>>>
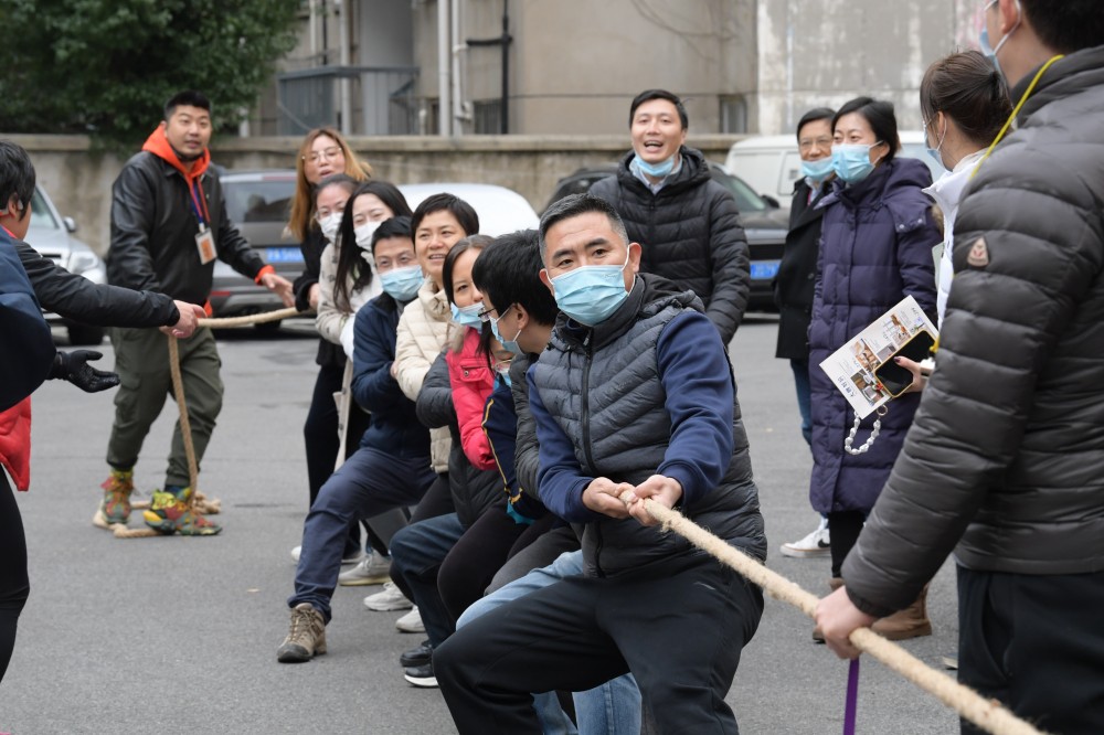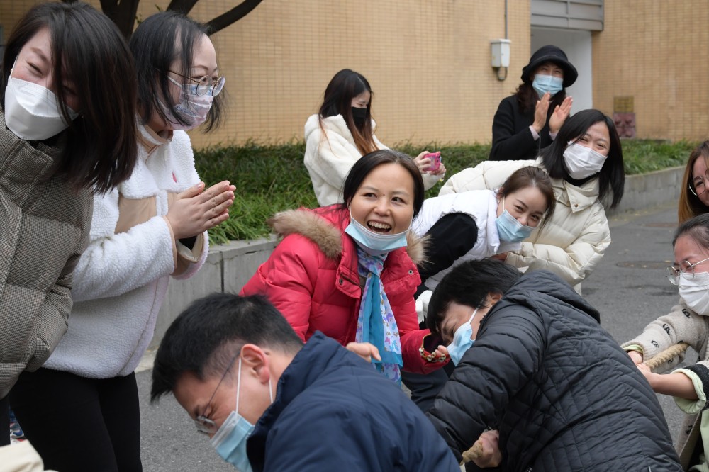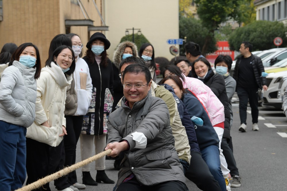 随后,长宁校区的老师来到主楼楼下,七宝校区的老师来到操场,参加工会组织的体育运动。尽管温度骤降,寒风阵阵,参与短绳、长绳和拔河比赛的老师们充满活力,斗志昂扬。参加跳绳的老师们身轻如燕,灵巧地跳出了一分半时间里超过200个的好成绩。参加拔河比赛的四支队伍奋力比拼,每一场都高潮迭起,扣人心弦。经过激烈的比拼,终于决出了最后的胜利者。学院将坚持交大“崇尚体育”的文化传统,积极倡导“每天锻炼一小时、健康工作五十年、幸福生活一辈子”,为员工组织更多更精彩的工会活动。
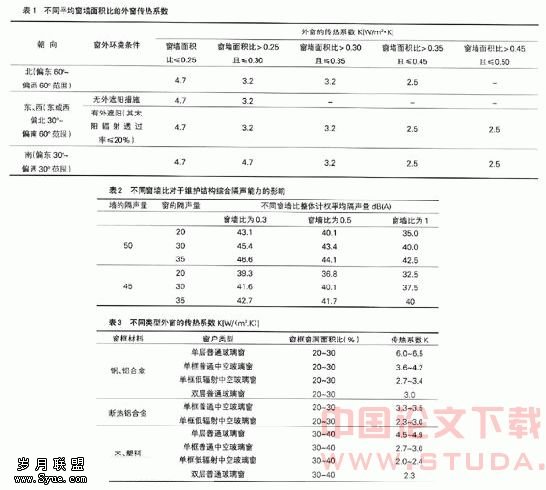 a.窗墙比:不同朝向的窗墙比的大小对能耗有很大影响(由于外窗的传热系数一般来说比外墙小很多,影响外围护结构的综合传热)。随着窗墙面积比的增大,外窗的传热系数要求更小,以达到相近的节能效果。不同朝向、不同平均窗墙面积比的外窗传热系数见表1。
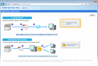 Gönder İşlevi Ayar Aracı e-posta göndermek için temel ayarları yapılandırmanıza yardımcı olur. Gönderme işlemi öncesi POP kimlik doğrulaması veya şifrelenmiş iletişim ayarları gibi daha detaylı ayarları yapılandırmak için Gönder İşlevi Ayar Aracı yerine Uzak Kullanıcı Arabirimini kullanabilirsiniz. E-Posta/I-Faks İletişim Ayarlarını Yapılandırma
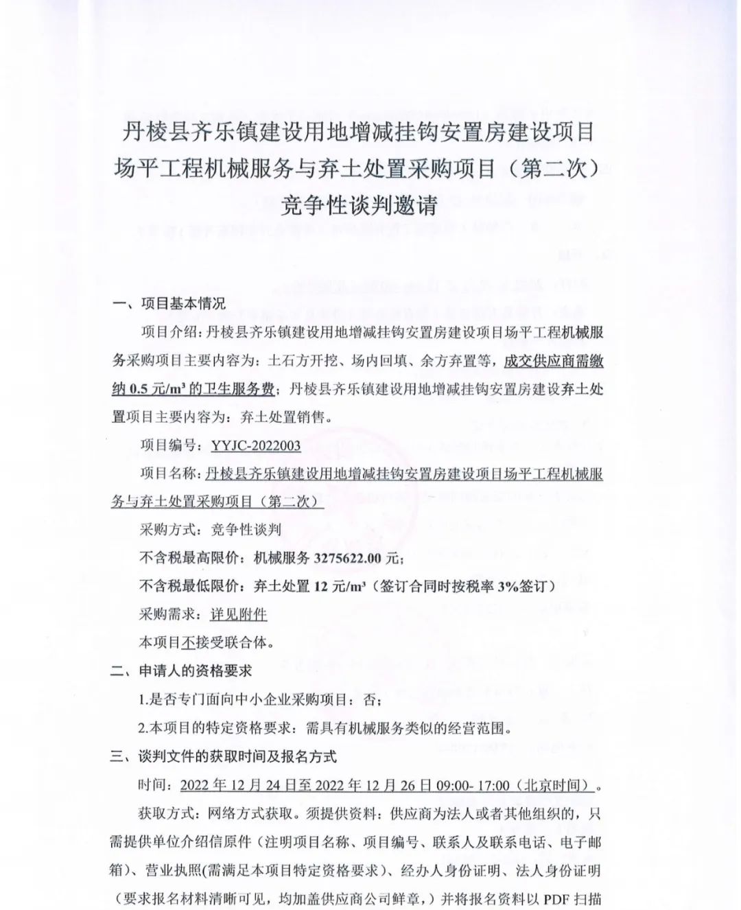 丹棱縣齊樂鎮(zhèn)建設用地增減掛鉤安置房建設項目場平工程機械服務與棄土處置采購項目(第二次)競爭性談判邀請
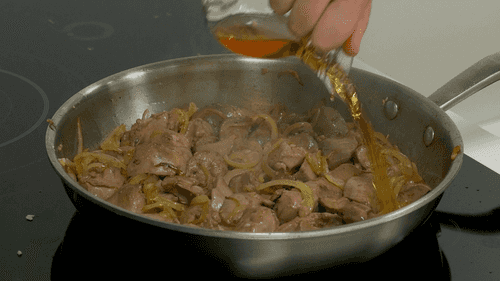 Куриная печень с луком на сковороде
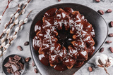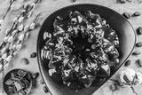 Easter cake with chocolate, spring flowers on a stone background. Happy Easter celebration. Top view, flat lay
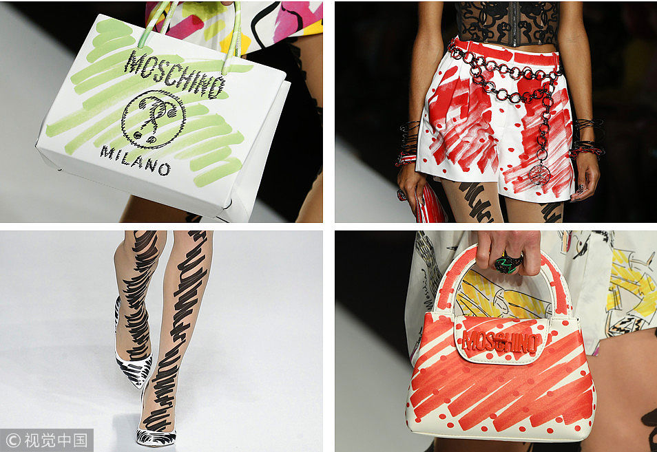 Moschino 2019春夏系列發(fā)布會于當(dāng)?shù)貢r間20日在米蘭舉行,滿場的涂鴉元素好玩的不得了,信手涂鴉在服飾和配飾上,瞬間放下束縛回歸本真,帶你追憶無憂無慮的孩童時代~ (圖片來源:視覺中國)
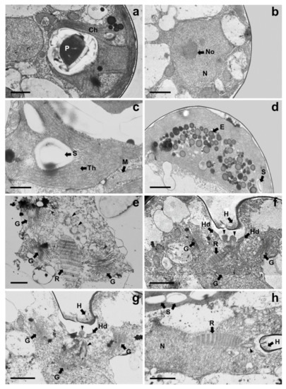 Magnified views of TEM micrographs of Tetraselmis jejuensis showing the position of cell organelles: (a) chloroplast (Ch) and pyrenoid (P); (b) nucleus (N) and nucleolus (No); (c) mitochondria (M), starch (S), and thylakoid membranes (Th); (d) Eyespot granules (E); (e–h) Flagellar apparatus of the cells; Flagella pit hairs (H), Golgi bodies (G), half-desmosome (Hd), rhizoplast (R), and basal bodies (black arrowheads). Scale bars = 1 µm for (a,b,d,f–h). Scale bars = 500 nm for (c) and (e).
<<<
§ What needs to be done
With the pictures left out, copy exactly the lines from the line holding "Куриная печень с луком на сковороде" through the final line of the records, including both.

§ Response box
 Куриная печень с луком на сковороде
 Easter cake with chocolate, spring flowers on a stone background. Happy Easter celebration. Top view, flat lay
 Moschino 2019春夏系列發(fā)布會于當(dāng)?shù)貢r間20日在米蘭舉行,滿場的涂鴉元素好玩的不得了,信手涂鴉在服飾和配飾上,瞬間放下束縛回歸本真,帶你追憶無憂無慮的孩童時代~ (圖片來源:視覺中國)
 Magnified views of TEM micrographs of Tetraselmis jejuensis showing the position of cell organelles: (a) chloroplast (Ch) and pyrenoid (P); (b) nucleus (N) and nucleolus (No); (c) mitochondria (M), starch (S), and thylakoid membranes (Th); (d) Eyespot granules (E); (e–h) Flagellar apparatus of the cells; Flagella pit hairs (H), Golgi bodies (G), half-desmosome (Hd), rhizoplast (R), and basal bodies (black arrowheads). Scale bars = 1 µm for (a,b,d,f–h). Scale bars = 500 nm for (c) and (e).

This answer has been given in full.